O Ministério Público de Santa Catarina investiga se houve monetização com conteúdos falsos divulgados nas redes sociais sobre a morte do cão comunitário Orelha, ocorrida em janeiro deste ano na Praia Brava, em Florianópolis. A apuração será conduzida pelas Promotorias de Justiça com apoio do CyberGAECO, setor especializado em crimes digitais.
Na terça-feira (12), o MPSC informou que a investigação da Polícia Civil sobre o caso foi baseada em relatos de “ouvi dizer” e concluiu que os adolescentes investigados não estiveram com o animal no mesmo local e horário na praia.

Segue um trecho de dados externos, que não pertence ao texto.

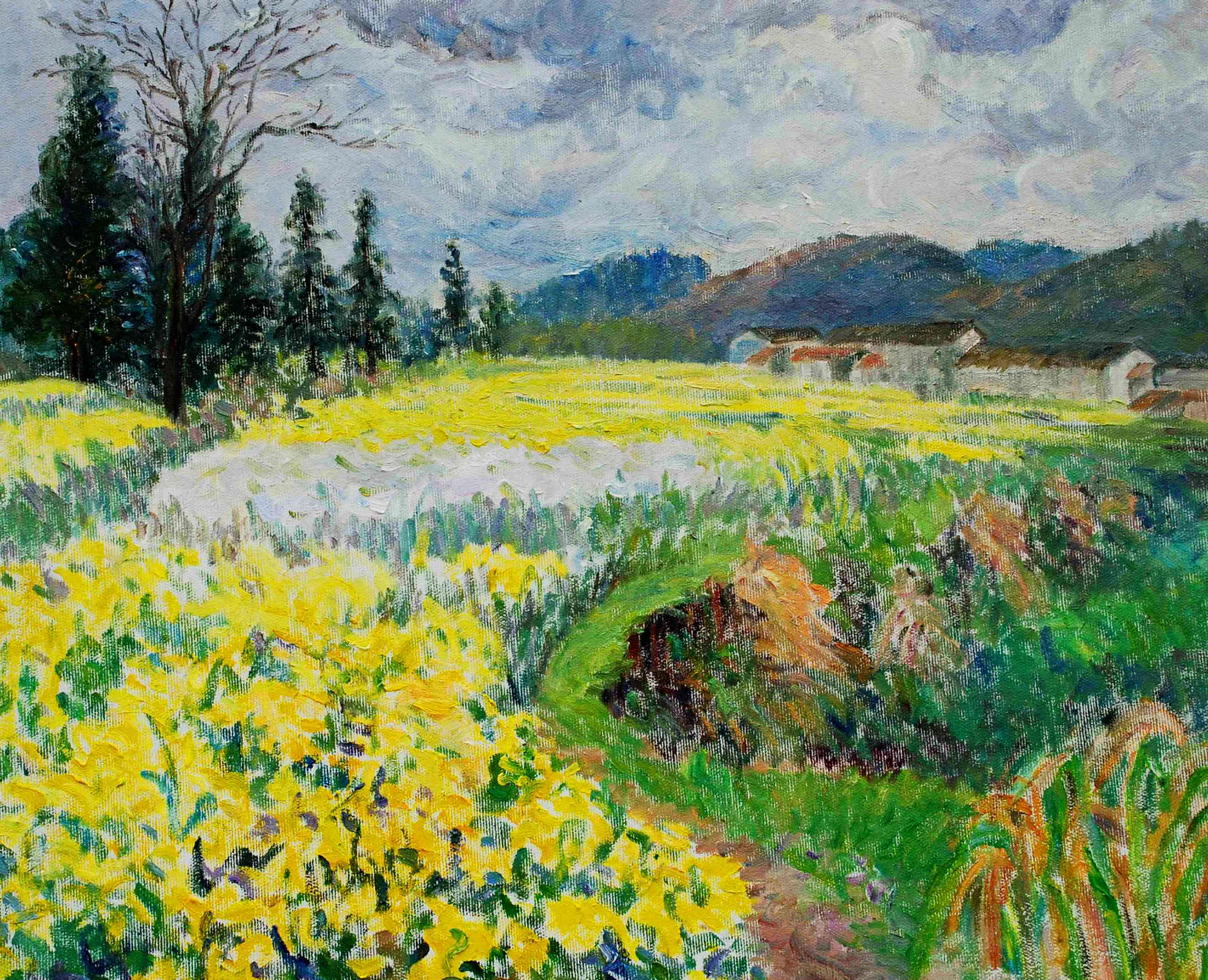 Colorful flowers swaying in the wind, the colorful sky casting its hue on them and making them sing. Bring home this cheerful painting and brighten up your décor!

Segundo o órgão, imagens de câmeras de segurança mostraram diferença de cerca de 30 minutos nos registros analisados pela polícia.

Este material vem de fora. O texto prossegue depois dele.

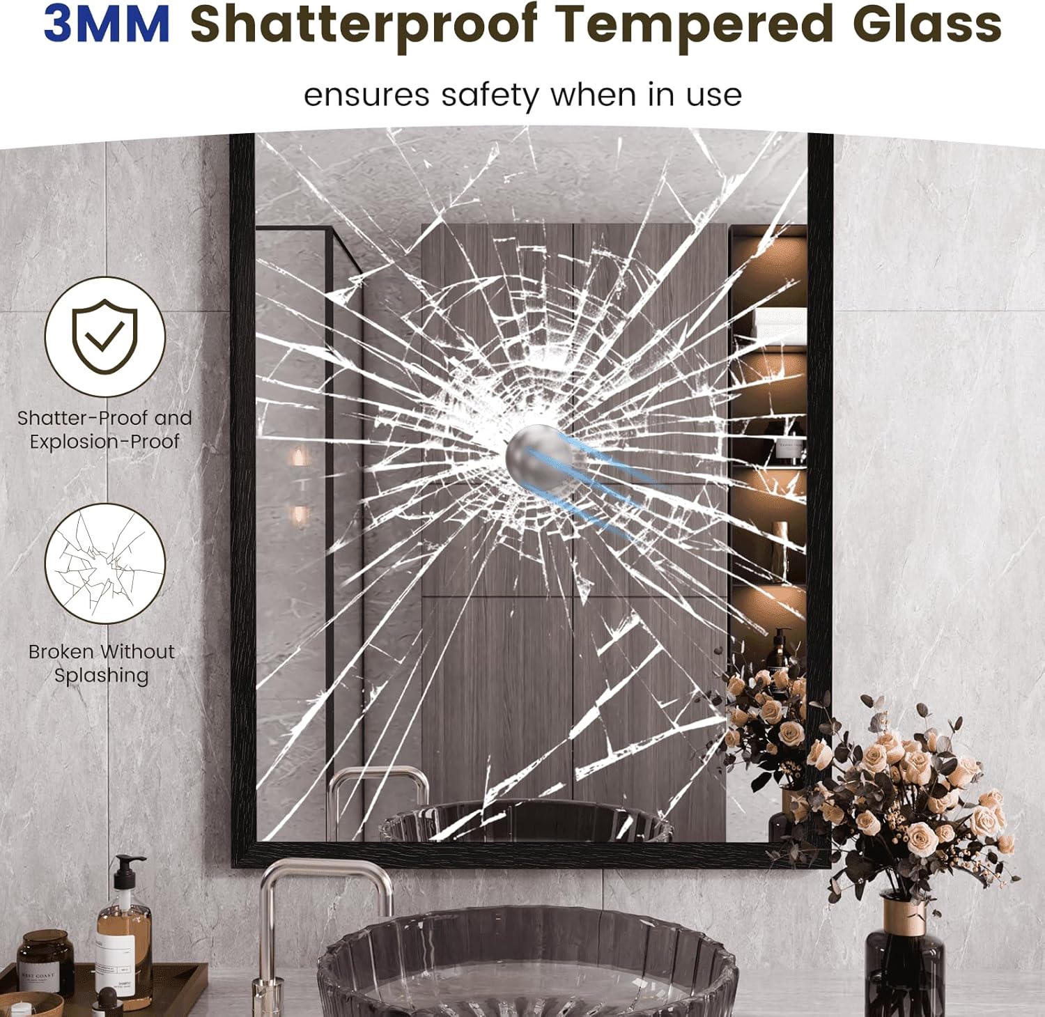 - 【Shatterproof Material】Our matte black framed mirror is made of 4MM tempered glass, shatterproof, explosion-proof, much sturdy and durable. The mirror is also affixed with shatterproof film, which makes it fixes the broken glass, and much safer to use and easy to clean;

O Ministério Público também afirmou que vídeos apresentados pela defesa mostram o cão caminhando normalmente pela vizinhança por volta das 7h do dia 4 de janeiro, horário posterior ao período em que a Polícia Civil apontava como provável momento da agressão, estimado em 5h30. Para os promotores, as imagens enfraquecem a tese de que o animal teria retornado da praia ferido.

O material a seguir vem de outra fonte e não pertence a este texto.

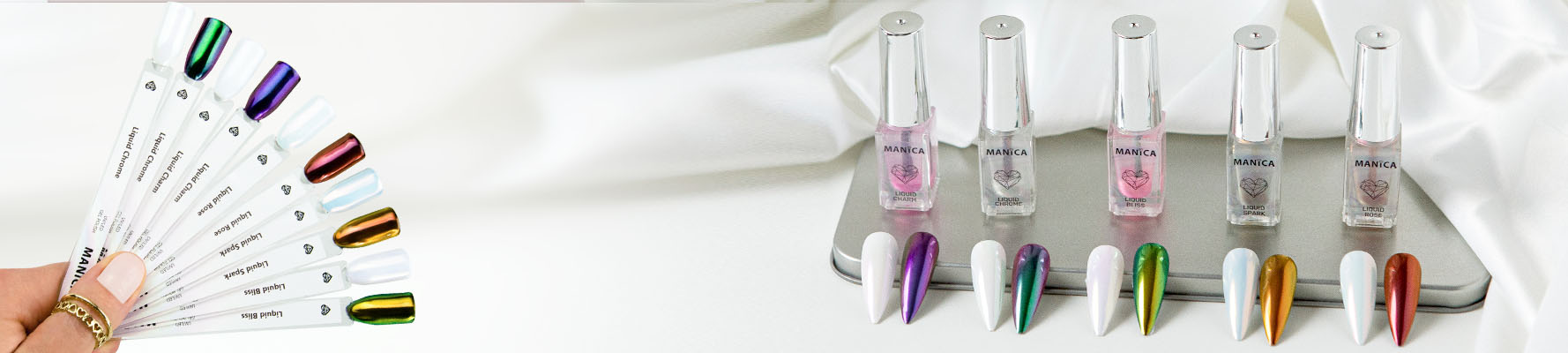 Nasz pyłek najlepiej prezentuje się na białej hybrydzie – wtedy najbardziej uwidacznia się różowa poświata ze złotym akcentem. Przepięknie wygląda również na jasnoróżowym podkładzie. Natomiast na czarnym lakierze zmienia się w pomarańczowo złotą taflę, która na brzegach przybiera odcień jasnego złota. Oczywiście Manica Liquid Spark możesz stosować na każdym kolorze nadając mu zupełnie nowego wyrazu..

Em nota, a Polícia Civil informou que concluiu o inquérito e encaminhou os autos ao Ministério Público, responsável por decidir sobre denúncia ou arquivamento do caso. O MPSC afirmou ainda que a nova investigação busca avaliar a necessidade de regras para evitar o uso de casos sensíveis envolvendo crianças e adolescentes para gerar engajamento e lucro nas redes sociais.